A comprehensive AIA report outlining the positive impact that property-casualty insurance products have on the environment and worker safety in developing markets accompanied Vagley’s letter.

The Senate is expected to begin consideration of TPA legislation early next year. TPA, formerly known as “fast-track” authority, would allow the President to negotiate and finalize a trade agreement with another country.

Without TPA, a trade agreement can be amended by Congress.

“Many countries have expressed a reluctance to negotiate free trade agreements with the U.S. because they cannot be sure that these agreements will get enacted without congressional alteration,” noted John Savercool, vice president of federal affairs for AIA. “With TPA, the U.S. can begin to pursue a variety of new trade agreements that will result in more U.S. insurance products being sold overseas.”

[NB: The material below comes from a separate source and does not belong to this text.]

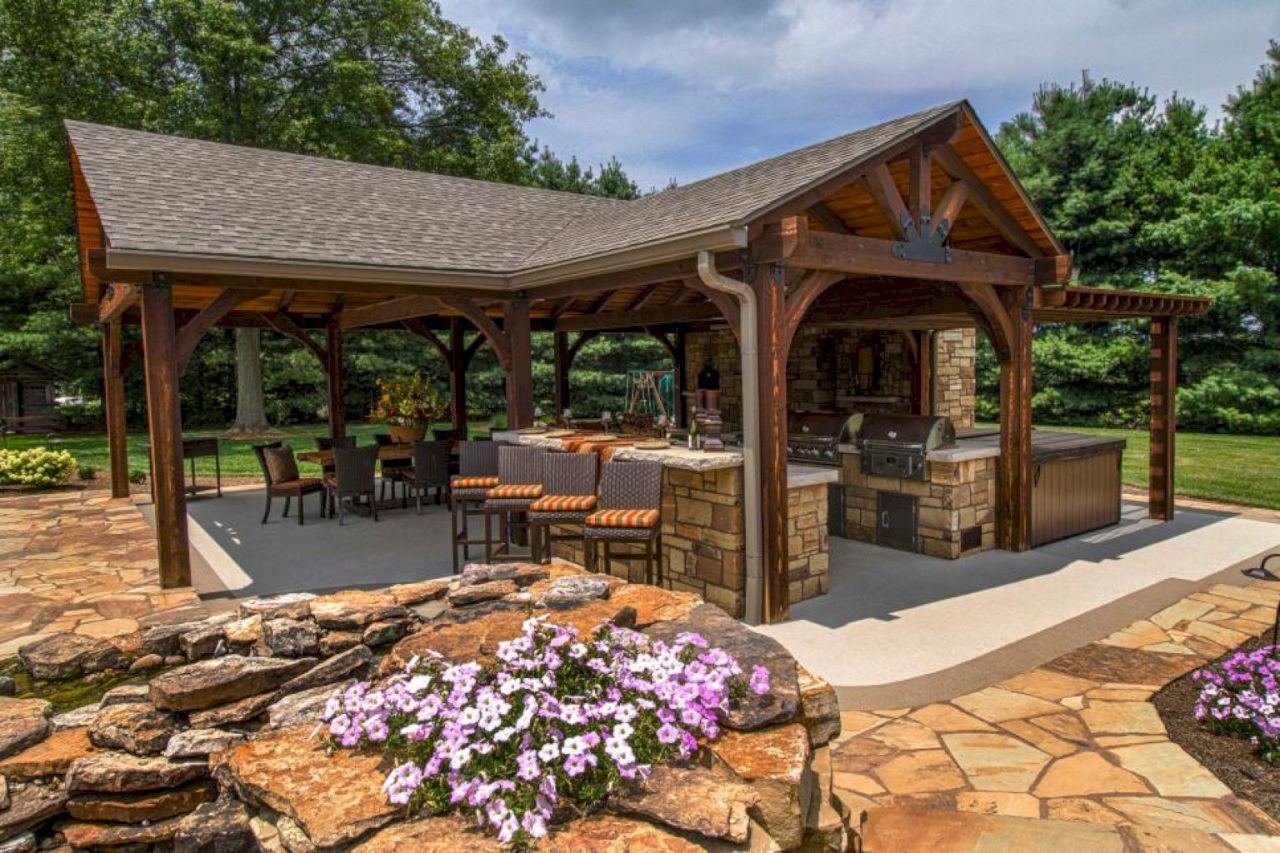 Современные беседки комбинируются из натурального камня, кирпича, дерева. Такие беседки служат прекрасным дополнением ландшафта, они востребованы, защищают от непогоды и подходят для обустройства зоны для барбекю. Такое сочетание позволяет сэкономить на приобретении камня и делает постройку более гармоничной.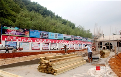 红色主题宣传牌已安装完毕,交通厕所和观景台已完成主体工程建设……8月23日,在S209省道咸通线党员示范路界水岭公路驿站建设现场,工人们正在有序施工。

“To achieve the benefits of free, open trade in insurance for U.S. domiciled companies, the President needs an effective TPA bill,” he added. “Only then are we likely to tear down the barriers that prevent U.S. companies from selling their products overseas.”

Savercool said that the House vote will give further momentum to pending U.S. trade agreements with Chile, Singapore, and a host of South American countries. Also, the vote will dispel any notion that the U.S. will not play a leadership role in the upcoming global trade round in the World Trade Organization that will begin early next year.